Sunday, August 29
The Pollock-Krasner House and Study Center’s summer lecture series at The Fireplace Project concludes on Sunday, August 29, at 5:00 pm with Philip Eliasoph, an authority on Magic Realism and egg tempera painting. His illustrated talk, “Swept Away: Re-thinking Realist and Abstract Painters in the Wake of Ideological Hurricanes,” will examine the period from 1944-1954, when force 3 hurricanes slammed into the Hamptons and American painting was irreversibly transformed.

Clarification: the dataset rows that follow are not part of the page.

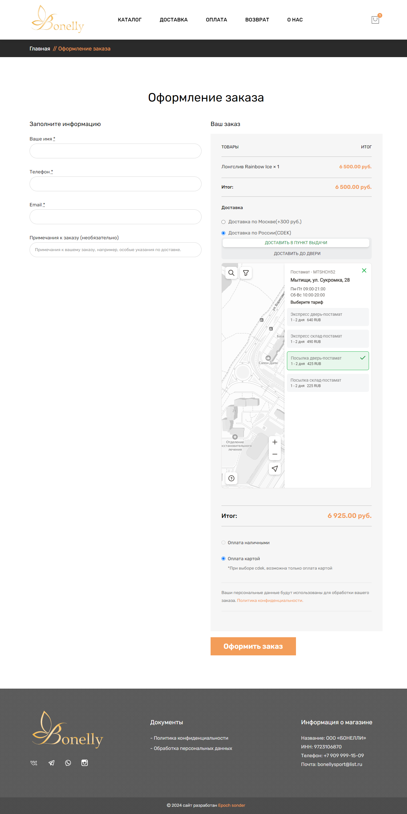 Было выполнено подключение API курьерской службы СДЭК, предоставляющее клиентам возможность онлайн-расчета стоимости доставки товаров
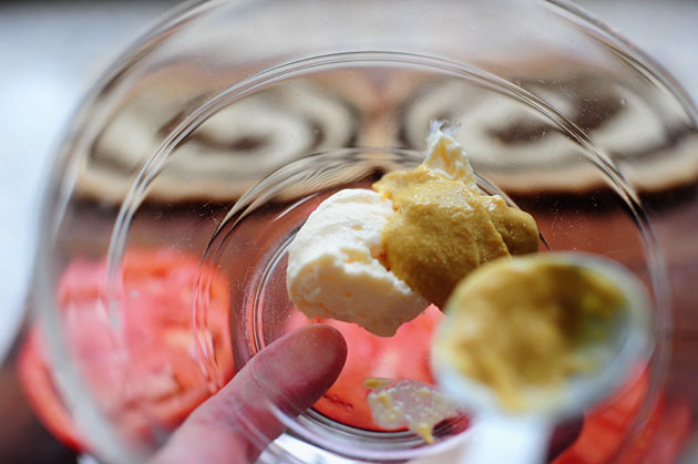 Bước 4: Bạn lấy 1 tô nhỏ, cho vào tô 1 muỗng canh sốt mayonnaise và 1 muỗng canh mù tạt (loại màu vàng), trộn đều 2 thành phần này.
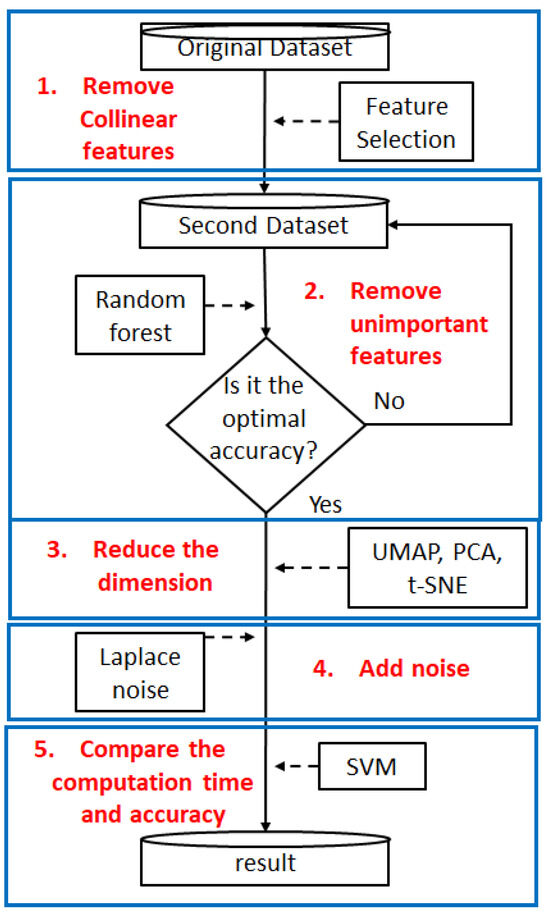 - In this step, the differential privacy guarantee is achieved through input perturbation, i.e., Laplace noise is directly added to the features of the dataset before they are used for machine learning tasks. This ensures that the original data cannot be reverse-engineered while still allowing subsequent steps, such as feature selection and dimensionality reduction, to operate on privatized inputs.For a dataset D, any query can satisfy -differential privacy as long as it satisfies the following algorithm M:where △ denotes the global sensitivity of the query Q, defined aswith D and being two neighboring datasets differing in one record. In this work, is determined based on the sensitivity of each feature attribute. The scale parameter is then used to sample from the Laplace distribution.Regarding privacy budget allocation, when multiple stages (feature selection, dimensionality reduction, and noise addition) access the raw data, we adopt a sequential composition framework.
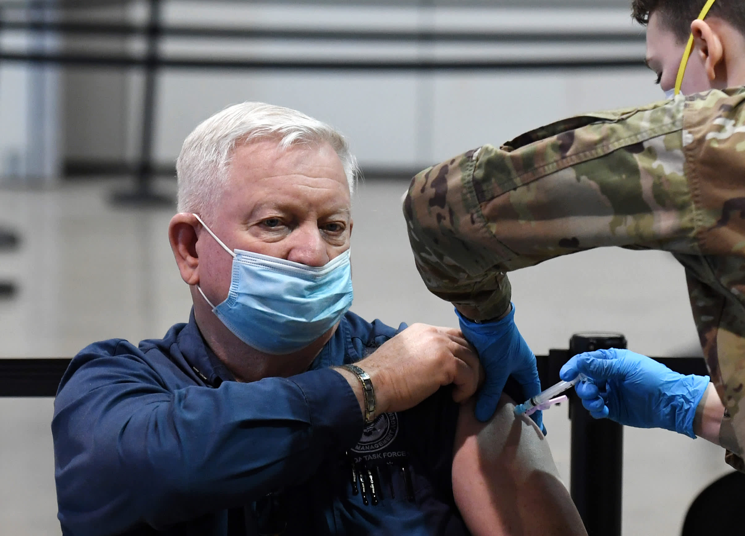 Spc. Katherine Deskins of the Nevada Army National Guard administered a COVID-19 shot of Moderna to Dennis West, director of human resources for the Federal Emergency Management Agency, on the first day of the Clark County’s pilot vaccination program at the Cashman Center on January 14, 2021 in Las Vegas. Nevada.
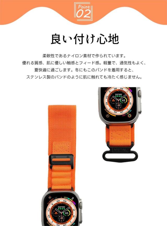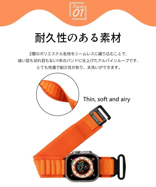 このApple Watch バンドは2層のナイロン生地をシームレスに織り込むことで、腕に触れる内側はフラットで、外側には「かまぼこ」状のループが並んでいます、縫い目も切れ目もない1本のバンドに仕上げたアルパインループです。
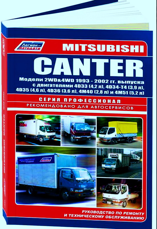 Справочно-информационный иллюстрированный мануал руководство по ремонту Mitsubishi Canter, а также устройство, руководство по техническому обслуживанию и эксплуатации заднеприводных и полноприводных автомобилей Mitsubishi Canter (модели 2WD, 4WD) с 1993 г. выпуска, оборудованных дизельными двигателями 4M40 рабочим объемом 2,8 л., 4D36 рабочим объемом 3,6 л., 4D34-T4 (с турбонадувом) рабочим объемом 3,9 л., 4D33 рабочим объемом 4,2 л., 4D35 рабочим объемом 4,6 л., 4M51 рабочим объемом 5,2 л. Ремонт Мицубиси Кантер. Инструкция по эксплуатации. Схемы электрооборудования.
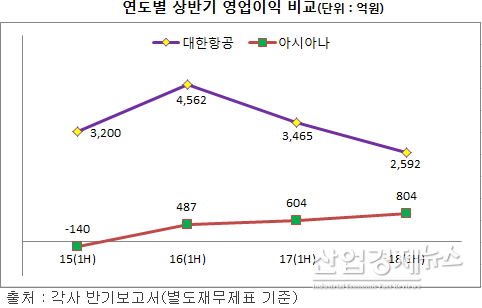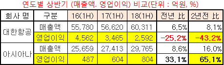 반면, 아시아나의 경우, 같은 기간 –140억 원(영업손)에서 → 487억 원(2016.1H) → 604억 원(2017.1H) → 804억 원(2018.1H)으로 매년 꾸준한 증가 덕에 2년 새 65.1% 성장세를 가속화를 하고 있어, 급락세를 연출중인 대한항공과 대조를 보였다.
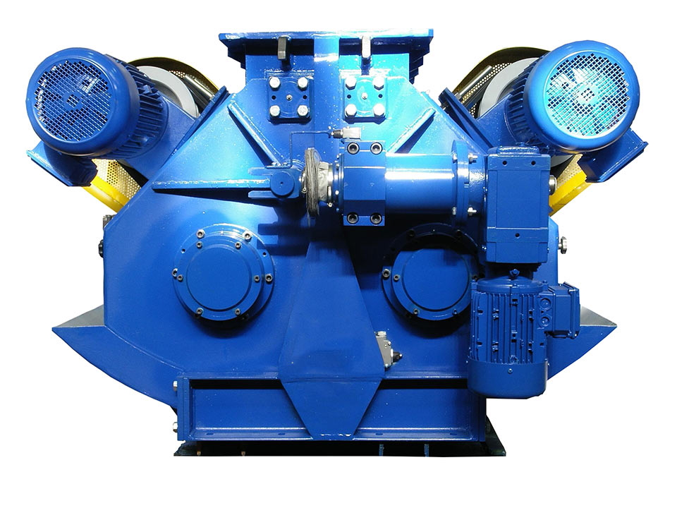 Crushing of the batch takes place between two rolls rotating with different peripheral speeds in opposite directions. The rolls are driven by motoreducers. The side surfaces of the rolls with thresholds welded on them constitute a standard work. At your request, we also produce plain-barrelled rolls or grooved ones. The rolls with individual drives are mounted on rockers. The pressure on the rolls is gravitational.
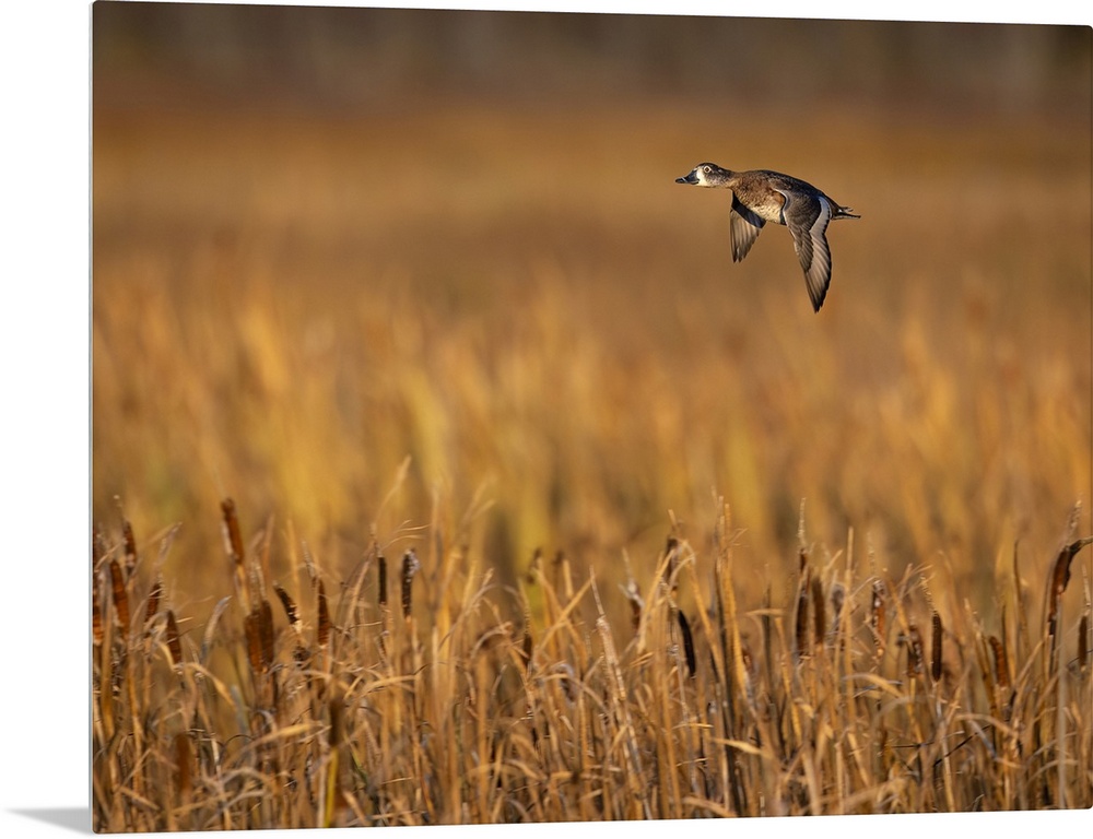 <p>A ringneck duck flies over Anchorage's Potter Marsh on a late September day prior to fall migration. Part of the Anchorage Coastal Wildlife Refuge managed by the State of Alaska Department of Fish and Game, Potter Marsh is a very popular bird- and wildlife-viewing destination.</p>

The Great Atlantic hit on September 15, 1944, and ten years later Carol on August 31 and then Edna on September 11. Meanwhile an aesthetic storm about the directional current of art was raging in the artists’ studios and watering holes, and the pages of the art press. Eliasoph has been a champion of the “lost generation” of realists who were swept away by the rising tide of Abstract Expressionism. He will argue that we are now capable of viewing Hopper and Rothko, Wyeth and de Kooning, Rockwell and Pollock as equally representative of the mid-20th century zeitgeist.
Eliasoph is a professor of Art History at Fairfield University. His doctoral dissertation, “Paul Cadmus: Life & Work,” was the first revisionist look at the 1930s social satirist, whose homo-erotic imagery pushed him off the mainstream agenda. Eliasoph organized the artist’s only retrospective and published a groundbreaking catalog on Cadmus’ career in 1981. He was a consulting producer for the award winning film “Paul Cadmus: Enfant Terrible at 80,” and won the CINE-Golden Eagle for documentary film making for “Robert Vickrey: Lyrical Realist,” both broadcast on PBS. Currently he serves as a commissioner for the Connecticut Commission for Culture and Tourism, and as senior arts editor of VENU Arts Magazine in Connecticut.
The lecture will be held at The Fireplace Project, a contemporary art gallery at 851 Springs-Fireplace Road, just north of the Pollock-Krasner House. Admission is $5 ($4 for Pollock-Krasner House members). Reservations are not required.